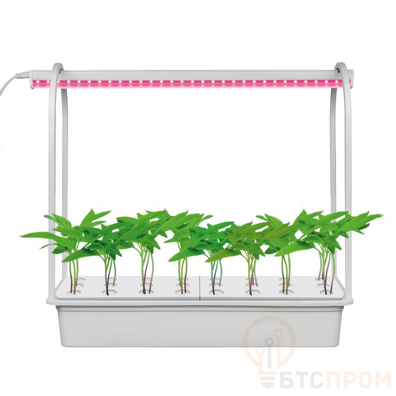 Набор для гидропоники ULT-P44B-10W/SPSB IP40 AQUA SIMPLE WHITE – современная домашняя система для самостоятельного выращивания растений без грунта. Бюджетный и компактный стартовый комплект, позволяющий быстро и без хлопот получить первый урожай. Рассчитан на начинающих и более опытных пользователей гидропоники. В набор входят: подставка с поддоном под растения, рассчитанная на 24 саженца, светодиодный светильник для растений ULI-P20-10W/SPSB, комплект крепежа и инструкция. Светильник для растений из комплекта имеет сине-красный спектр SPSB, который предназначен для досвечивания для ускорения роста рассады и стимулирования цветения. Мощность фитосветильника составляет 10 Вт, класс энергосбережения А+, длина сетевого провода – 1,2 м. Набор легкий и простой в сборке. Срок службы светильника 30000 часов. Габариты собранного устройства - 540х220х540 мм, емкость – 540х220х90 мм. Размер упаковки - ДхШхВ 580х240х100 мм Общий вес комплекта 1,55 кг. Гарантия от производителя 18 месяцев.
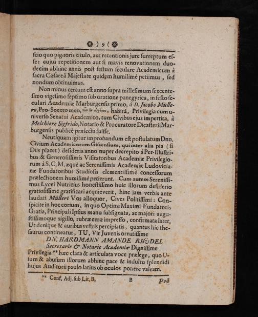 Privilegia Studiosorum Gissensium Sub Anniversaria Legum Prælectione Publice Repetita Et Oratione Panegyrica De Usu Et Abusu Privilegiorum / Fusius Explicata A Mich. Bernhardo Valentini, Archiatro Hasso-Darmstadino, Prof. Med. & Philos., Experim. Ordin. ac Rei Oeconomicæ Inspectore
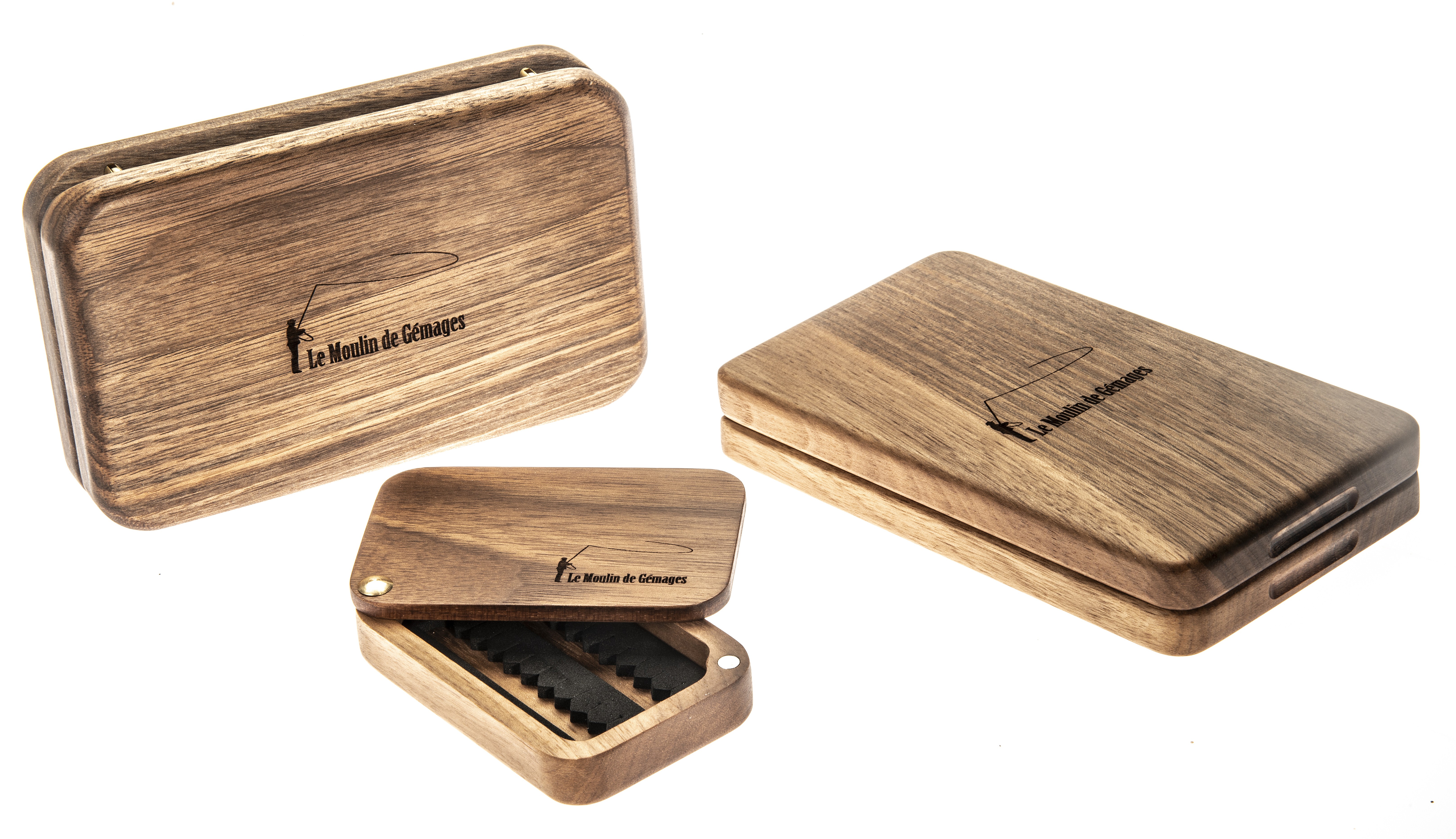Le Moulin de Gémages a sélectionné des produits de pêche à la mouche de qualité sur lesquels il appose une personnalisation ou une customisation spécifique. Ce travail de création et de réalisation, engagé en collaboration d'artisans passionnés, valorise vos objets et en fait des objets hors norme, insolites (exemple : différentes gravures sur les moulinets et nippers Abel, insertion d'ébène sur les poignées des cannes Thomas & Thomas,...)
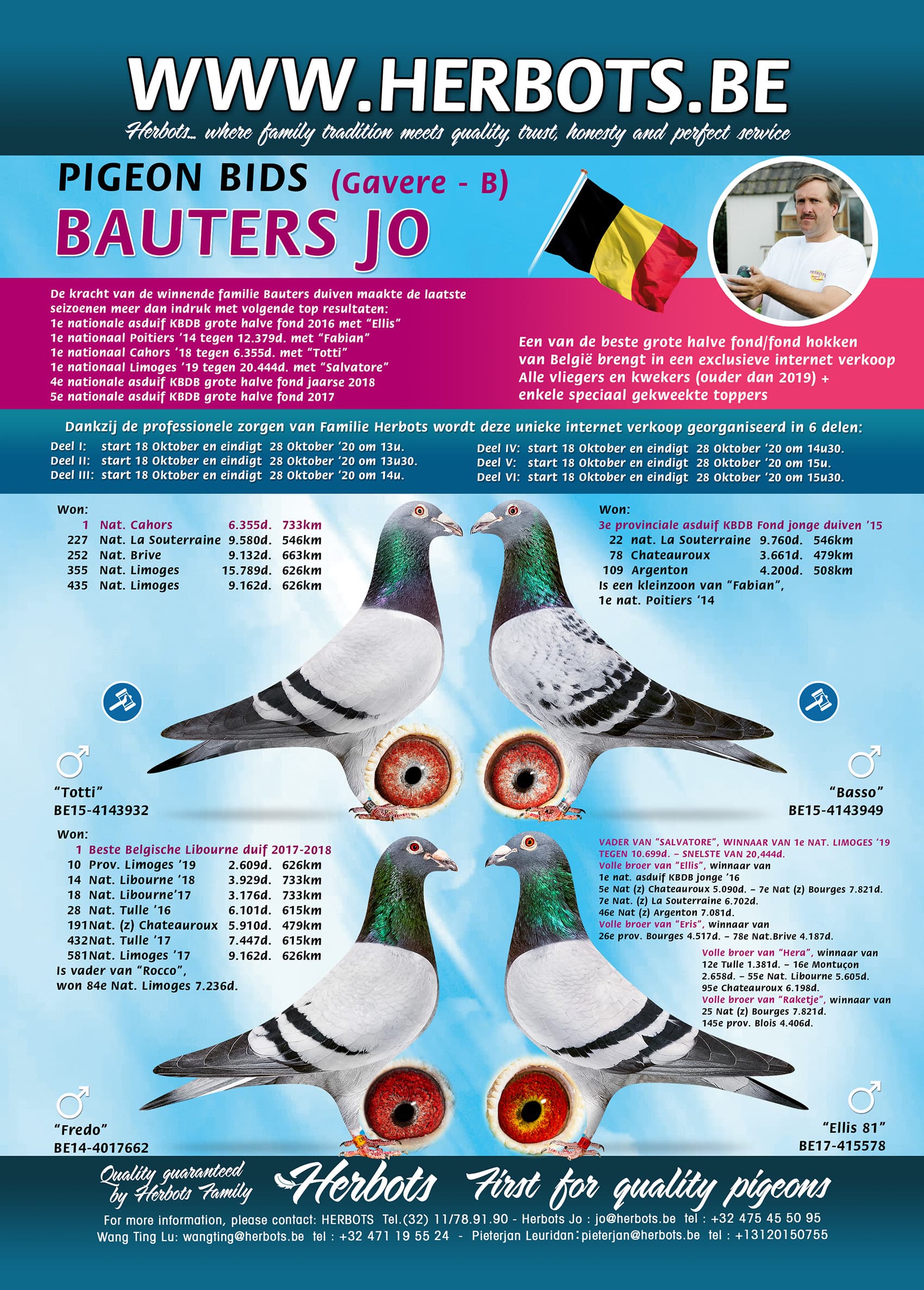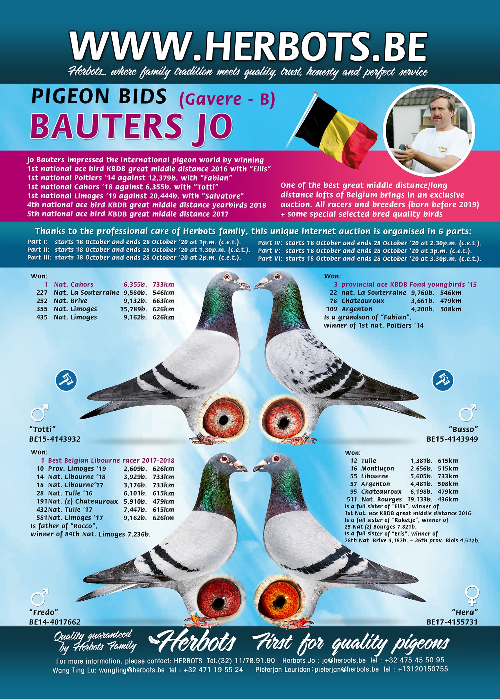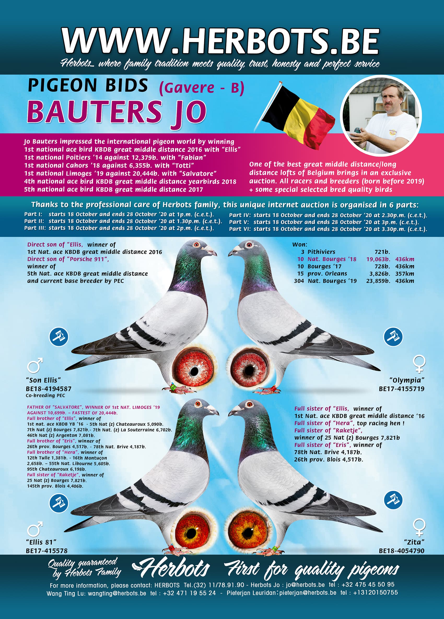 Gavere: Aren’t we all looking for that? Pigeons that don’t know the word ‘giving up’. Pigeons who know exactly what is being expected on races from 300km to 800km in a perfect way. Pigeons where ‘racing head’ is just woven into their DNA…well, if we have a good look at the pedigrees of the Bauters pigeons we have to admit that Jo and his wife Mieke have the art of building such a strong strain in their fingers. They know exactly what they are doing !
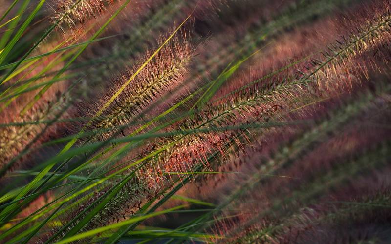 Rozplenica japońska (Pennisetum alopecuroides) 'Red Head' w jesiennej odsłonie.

**Try it:**
Set every entry down again word for word, but not the pictures.

**Solution for this exercise:**
 Набор для гидропоники ULT-P44B-10W/SPSB IP40 AQUA SIMPLE WHITE – современная домашняя система для самостоятельного выращивания растений без грунта. Бюджетный и компактный стартовый комплект, позволяющий быстро и без хлопот получить первый урожай. Рассчитан на начинающих и более опытных пользователей гидропоники. В набор входят: подставка с поддоном под растения, рассчитанная на 24 саженца, светодиодный светильник для растений ULI-P20-10W/SPSB, комплект крепежа и инструкция. Светильник для растений из комплекта имеет сине-красный спектр SPSB, который предназначен для досвечивания для ускорения роста рассады и стимулирования цветения. Мощность фитосветильника составляет 10 Вт, класс энергосбережения А+, длина сетевого провода – 1,2 м. Набор легкий и простой в сборке. Срок службы светильника 30000 часов. Габариты собранного устройства - 540х220х540 мм, емкость – 540х220х90 мм. Размер упаковки - ДхШхВ 580х240х100 мм Общий вес комплекта 1,55 кг. Гарантия от производителя 18 месяцев.
 Privilegia Studiosorum Gissensium Sub Anniversaria Legum Prælectione Publice Repetita Et Oratione Panegyrica De Usu Et Abusu Privilegiorum / Fusius Explicata A Mich. Bernhardo Valentini, Archiatro Hasso-Darmstadino, Prof. Med. & Philos., Experim. Ordin. ac Rei Oeconomicæ Inspectore
Le Moulin de Gémages a sélectionné des produits de pêche à la mouche de qualité sur lesquels il appose une personnalisation ou une customisation spécifique. Ce travail de création et de réalisation, engagé en collaboration d'artisans passionnés, valorise vos objets et en fait des objets hors norme, insolites (exemple : différentes gravures sur les moulinets et nippers Abel, insertion d'ébène sur les poignées des cannes Thomas & Thomas,...)
 Gavere: Aren’t we all looking for that? Pigeons that don’t know the word ‘giving up’. Pigeons who know exactly what is being expected on races from 300km to 800km in a perfect way. Pigeons where ‘racing head’ is just woven into their DNA…well, if we have a good look at the pedigrees of the Bauters pigeons we have to admit that Jo and his wife Mieke have the art of building such a strong strain in their fingers. They know exactly what they are doing !
 Rozplenica japońska (Pennisetum alopecuroides) 'Red Head' w jesiennej odsłonie.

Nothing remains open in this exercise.